Recently I have taken to deconstructing ridiculous products that are aimed at women. I see these as attempts to discipline womens bodies. So far I have examined the faux penis, the anti rape condom and the vibrator with a razor. Continuing on in the bizarre tradition of torture through clothing, I bring you the Double-O- Push Up Thong.
Karen Jones, the owner and founder says, "Our ultimate goal then and now is to help women look their best...because when you look great, you feel great! We've learned that we're not just selling better booties, by boosting self-esteem, we're really helping people in their day to day lives. This has become our driving and continuing motivation."
If only my ass were ripe and luscious then all of my problems would be solved. I could experience the thrill of having a man drool over ass as I walk by. Oh the angst and the emotional drama over the missed catcalls and whistles. It's just not fair to be ass challenged in a world that worships the booty. The lack of support systems and groups to deal with this stigma makes it so much harder to deal with. Life is not easy for the narcissistic. What about me...doesn't my physical disability need to be addressed. So what if I can walk, run, talk, dance, see and sing, my ass is flat. Are you listening people, I said my ass is flat, and you cannot imagine the pain it brings....okay I need a moment, talk amongst yourselves.
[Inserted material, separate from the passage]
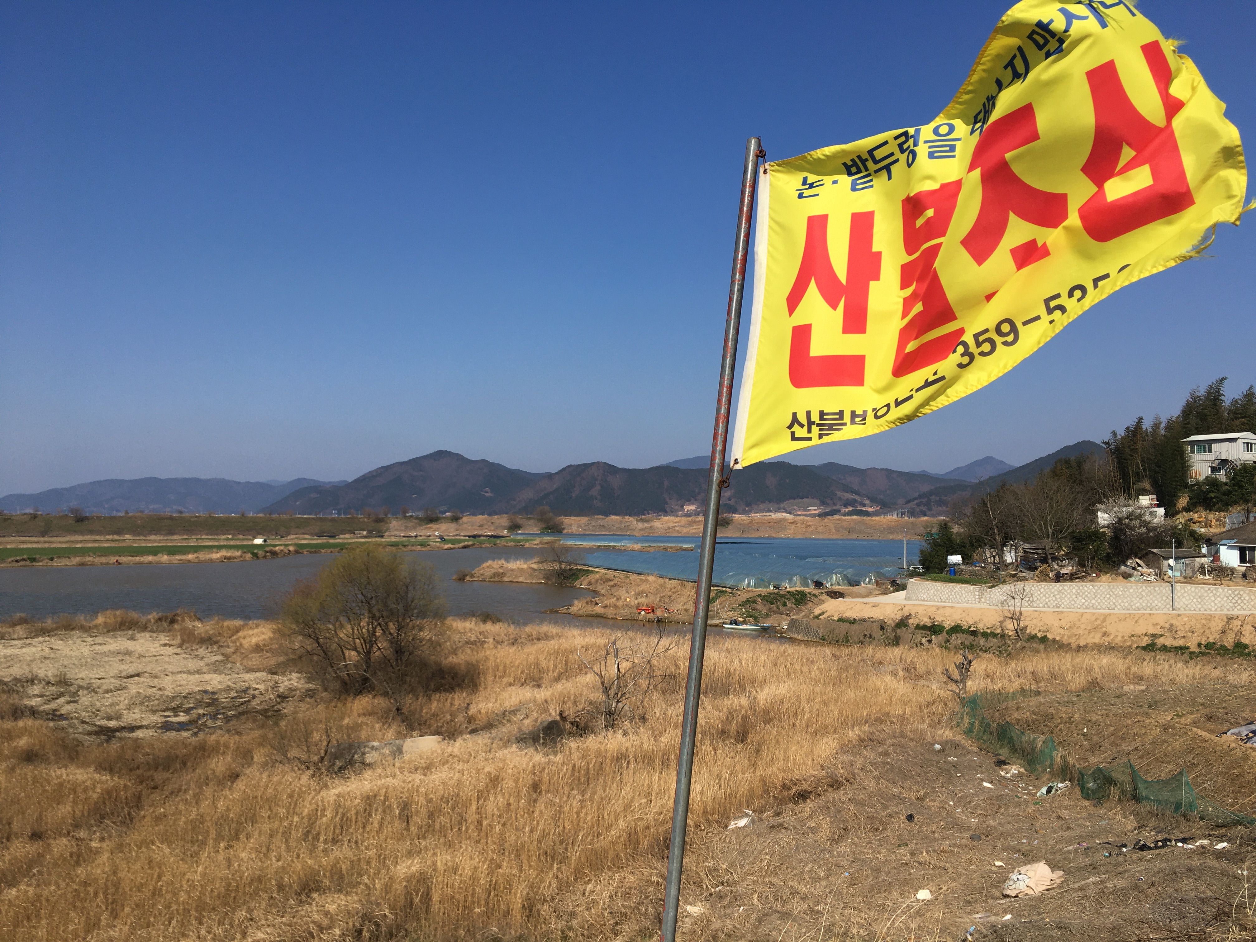 예전에 여기 옆에는 보리밭이었는데 지금은 모두 비닐하우스가 들어와 있습니다.

This is the kind of ridiculousness that products like this promote. Though Ms.Jones claims to be helping women in fact she is feeding the social monster that says that womens bodies are always imperfect. This is the result of the happy marriage of patriarchy and capitalism. Create a fault that seems natural and then exploit it to maintain position and create profit. Really how does creating products like these help women?
These neo-Victorian torture underwear, firm and shape making sure that the body conforms as much as possible to the "ideal female form". The problem is that women come in all different shapes and sizes. It is impossible despite all of the riggers that we put ourselves through to be found perfect in the patriarchal lens. This is a Quixote like quest. Not only is the windmill forever out of reach, it is an impermanent optical illusion, as beauty standards are in a continual state of flux. Instead of chasing an impossibility it is time that we embrace the wonderful diversity that is possible in the female form. No matter what shape a woman takes, her beauty cannot and should not be defined by others.